=== Begin Enclosure ===

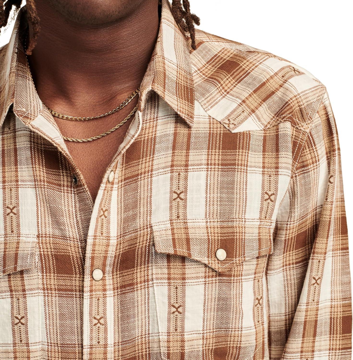 Make an easy wardrobe decision with the Big & Tall Dobby Western Long Sleeve Shirt from Lucky Brand. Cut from one hundred percent dobby cotton fabric, this long sleeve shirt takes inspiration from the west with snap-button styling, double chest pockets and signature pointed yokes at the front and back.
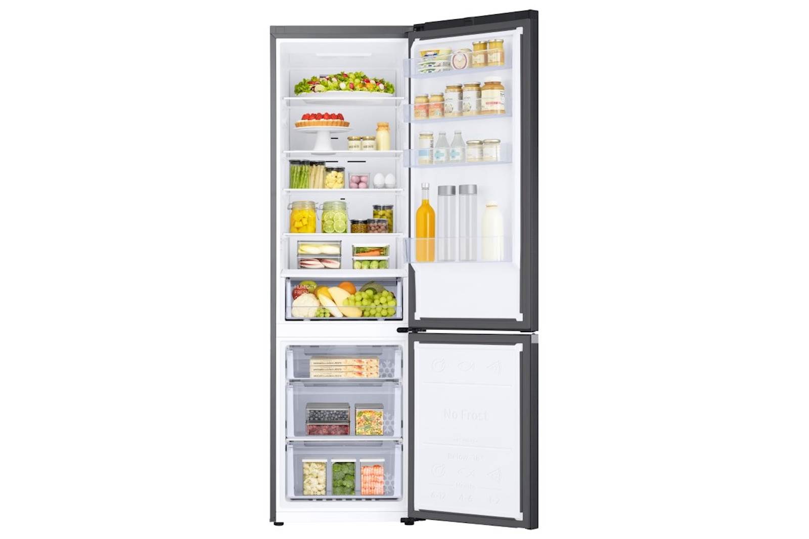 Hladilnik Samsung RB38C600DB1/EF je zasnovan za tiste, ki potrebujejo veliko prostora za shranjevanje živil. S skupno prostornino 390 litrov in tehnologijo SpaceMax omogoča več notranjega prostora brez povečanja zunanjih mer. To pomeni, da lahko shranite več hrane in pijače, ne da bi morali skrbeti za pomanjkanje prostora. Poleg tega je hladilnik opremljen z različnimi predali in policami, ki omogočajo organizirano shranjevanje živil. Njegova elegantna črna zasnova se odlično prilega vsakemu kuhinjskemu prostoru, kar ga naredi ne le funkcionalnega, ampak tudi estetsko privlačnega.
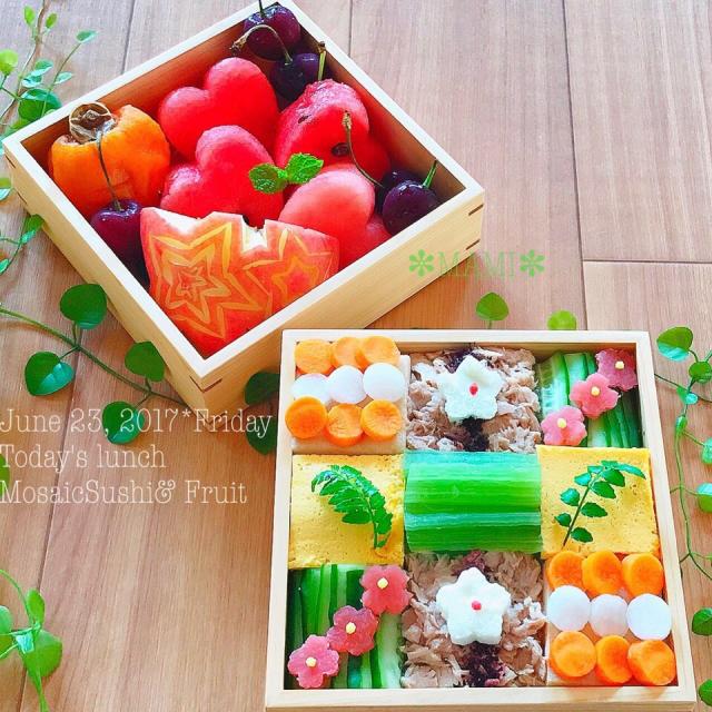 SnapDishに投稿されたmamiさんの料理「2017 6 23 モザイク寿司 フルーツ弁当 お弁当 おひるごはん ちらし寿司の日 フルーツ (ID:f1iefa)」です。「おはようございます 一週間ラストになりました2017 06 23 モザイク寿司 フルーツ弁当 ちらし寿司 酢を強くきかせてます の上に糠漬け胡瓜 人参と大根ピクルス シーチキンゆかり添え 花型に切った白身卵焼き 花型しば漬け 蕗と高野豆腐の和風出汁煮 スイカ リンゴ アメリカンチェリー 干し柿です コメント返信遅れてますが必ず致しますありがとうございます」寿司 ちらし寿司 フルーツ
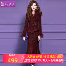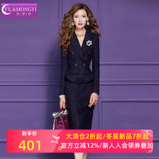 菲梦伊亮片小香风套装女冬季轻奢名媛加厚西装领毛呢外套职业半裙
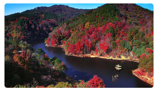 秋天的木蘭清涼寨層林盡染,丹“楓”朝陽,紅葉似火,景區(qū)萬畝森林中,三角楓、五角楓、七角楓、鳥桕樹和槭科類等多類秋季紅葉樹種達5000余畝, 與此同時,3萬多株古銀杏群和千畝圣潔茶花園披金戴銀,果實累累,紅楓與茶花媲美,金菊與銀杏爭芳,秋水共長天一色,形成“秋山秋水醉秋楓,如火如荼映蒼 穹;千紅萬紫凝,望眼。疑是香山入畫中”的的壯麗景觀。其面積之大,品種之多,淵源之悠長,葉色之鮮艷,為湖北乃至華中地區(qū)之最。每年11月上中旬到12 月中下旬,為最佳觀賞期。
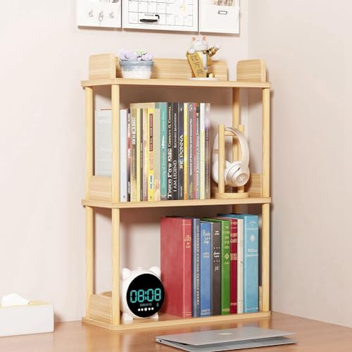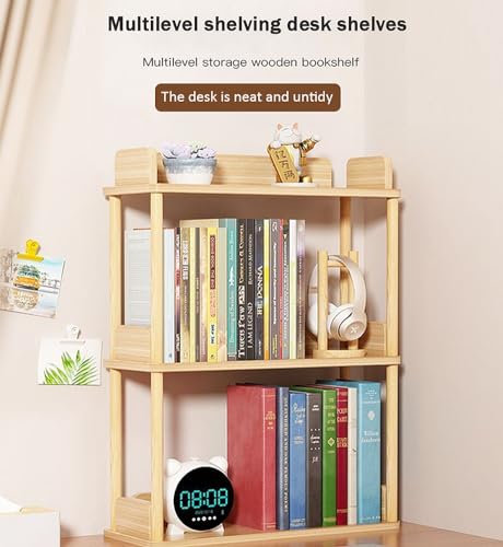Dreamhousey - رف كتب متعدد الطبقات للمكتب، مصنوع من الخشب الصلب البسيط، منظم ملفات متعدد الطبقات من دريم هاوسي (3 طبقات، لون بني اوك)
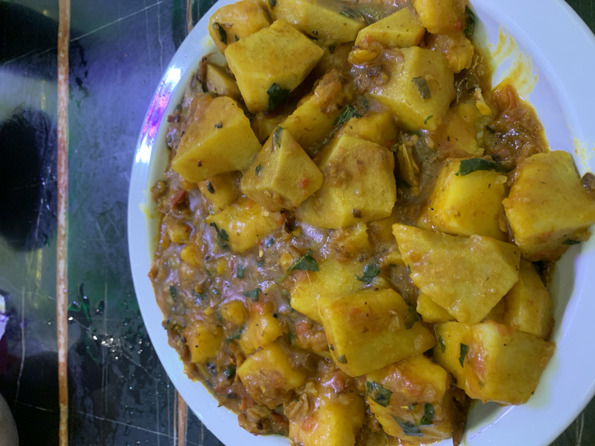 - "A top-down shot shows a white plate filled with cubed, yellow potatoes in a sauce with visible green herbs" by FM-xJZuN2, licensed under CC BY 4.0
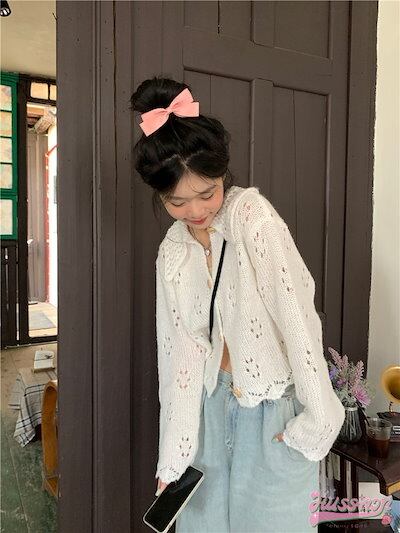 2024春夏トップス ニット 二枚重ね風 重ね着風 カーディガン Vネック ボタン 長袖 春 ゆったり グリーン 緑 韓国ファッション レディース おしゃれ かわいい カジュアル お出かけ
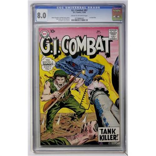 <B>G.I. Combat #67 (DC, 1958) CGC VF 8.0 Cream to off-white pages.</B></I> First appearance of the Tank Killer. Joe Kubert cover and art. Ross Andru and Jack Abel art. Overstreet 2007 VF 8.0 value = $167. CGC census 6/07: 1 in 8.0, none higher. <I>From the Keith Marlow Collection.</B></I><BR><BR><b>Shipping:</b> Comics - Slabbed (certified) (<a target="_blank" href="http://www.heritageauctions.com/common/shipping.php">view shipping information</a>)

=== End Enclosure ===

▸ **WHAT YOU NEED TO DO**
The answer is the lines above, word for word, from the first one through the one containing "2024春夏トップス ニット 二枚重ね風"; it includes no pictures.

▸ **EXERCISE OUTPUT**
 Make an easy wardrobe decision with the Big & Tall Dobby Western Long Sleeve Shirt from Lucky Brand. Cut from one hundred percent dobby cotton fabric, this long sleeve shirt takes inspiration from the west with snap-button styling, double chest pockets and signature pointed yokes at the front and back.
 Hladilnik Samsung RB38C600DB1/EF je zasnovan za tiste, ki potrebujejo veliko prostora za shranjevanje živil. S skupno prostornino 390 litrov in tehnologijo SpaceMax omogoča več notranjega prostora brez povečanja zunanjih mer. To pomeni, da lahko shranite več hrane in pijače, ne da bi morali skrbeti za pomanjkanje prostora. Poleg tega je hladilnik opremljen z različnimi predali in policami, ki omogočajo organizirano shranjevanje živil. Njegova elegantna črna zasnova se odlično prilega vsakemu kuhinjskemu prostoru, kar ga naredi ne le funkcionalnega, ampak tudi estetsko privlačnega.
 SnapDishに投稿されたmamiさんの料理「2017 6 23 モザイク寿司 フルーツ弁当 お弁当 おひるごはん ちらし寿司の日 フルーツ (ID:f1iefa)」です。「おはようございます 一週間ラストになりました2017 06 23 モザイク寿司 フルーツ弁当 ちらし寿司 酢を強くきかせてます の上に糠漬け胡瓜 人参と大根ピクルス シーチキンゆかり添え 花型に切った白身卵焼き 花型しば漬け 蕗と高野豆腐の和風出汁煮 スイカ リンゴ アメリカンチェリー 干し柿です コメント返信遅れてますが必ず致しますありがとうございます」寿司 ちらし寿司 フルーツ
 菲梦伊亮片小香风套装女冬季轻奢名媛加厚西装领毛呢外套职业半裙
 秋天的木蘭清涼寨層林盡染,丹“楓”朝陽,紅葉似火,景區(qū)萬畝森林中,三角楓、五角楓、七角楓、鳥桕樹和槭科類等多類秋季紅葉樹種達5000余畝, 與此同時,3萬多株古銀杏群和千畝圣潔茶花園披金戴銀,果實累累,紅楓與茶花媲美,金菊與銀杏爭芳,秋水共長天一色,形成“秋山秋水醉秋楓,如火如荼映蒼 穹;千紅萬紫凝,望眼。疑是香山入畫中”的的壯麗景觀。其面積之大,品種之多,淵源之悠長,葉色之鮮艷,為湖北乃至華中地區(qū)之最。每年11月上中旬到12 月中下旬,為最佳觀賞期。
Dreamhousey - رف كتب متعدد الطبقات للمكتب، مصنوع من الخشب الصلب البسيط، منظم ملفات متعدد الطبقات من دريم هاوسي (3 طبقات، لون بني اوك)
 - "A top-down shot shows a white plate filled with cubed, yellow potatoes in a sauce with visible green herbs" by FM-xJZuN2, licensed under CC BY 4.0
 2024春夏トップス ニット 二枚重ね風 重ね着風 カーディガン Vネック ボタン 長袖 春 ゆったり グリーン 緑 韓国ファッション レディース おしゃれ かわいい カジュアル お出かけ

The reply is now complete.